SOC came out of the petition process with considerable momentum. For nearly two months, the Community Maritime Park supporters were silent and let SOC dominate the news. Their message was a series of sound bites – baseball park, $1-a-year, giveaway to a millionaire, no citizen input.
The SOC press conference held on the steps of City Hall on the emails re-enforced the message and added an new dimension of possible backroom deals.
Then I think SOC got overconfident and got distracted by side issues – like trying to abolish CRA, fighting the expansion of the DIB and the candidacies of Sam Hall, Jerry Howard, Bill and Tom Banjanin. They were making plans for beyond the referendum vote.

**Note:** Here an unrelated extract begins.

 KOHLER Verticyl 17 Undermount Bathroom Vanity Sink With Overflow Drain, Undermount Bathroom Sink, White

Charlie and Marty should never have spoken at the Rotary Clubs and other civic groups. The more details they tried to give the more people saw through their weak arguments. The more it motivated young professionals and others to vote “Yes.”

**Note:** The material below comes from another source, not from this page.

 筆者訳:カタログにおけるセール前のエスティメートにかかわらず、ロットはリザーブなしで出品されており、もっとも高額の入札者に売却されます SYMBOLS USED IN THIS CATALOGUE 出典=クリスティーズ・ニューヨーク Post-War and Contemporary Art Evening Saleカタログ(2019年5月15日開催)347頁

Their yard signs “We can build a better waterfront park” hurt them badly. It pointed out that they had no plan for the waterfront. SOC wanted the voters to focus on the “WE”, but it didn’t work.
Another mistake was claiming in their mail outs that there was no maritime museum. The public believed in Adm. Fetterman and knew his widow Nancy was working hard to build the museum. CMPA had a series of press conferences announcing big donations to the museum. This hurt SOC credibility.
Also Quint Studer became more visible the last two weeks. SOC’s personal attacks on him as greedy and out for himself didn’t match the man the public saw. Though SOC tried to back off of the attacks and claim they never happened, the public remembered.
Then Marty Donovan’s public name-calling hurt, too. Calling Jeff DeWeese a weasel on BLAB and attacking Duwayne Escobedo, the Independent News and me in the WSRE debate made him out as a bully and hurt his credibility, too.
And lastly, the charges made against the Pensacola City Council by Tom Garner hurt SOC – even though Garner says he has no relationship with SOC. Donovan was heavily quoted by Garner, but in the end, the State Attorney’s office believed the other council members, not Donovan. The public say it as desperate political attack by SOC – even though they weren’t involved.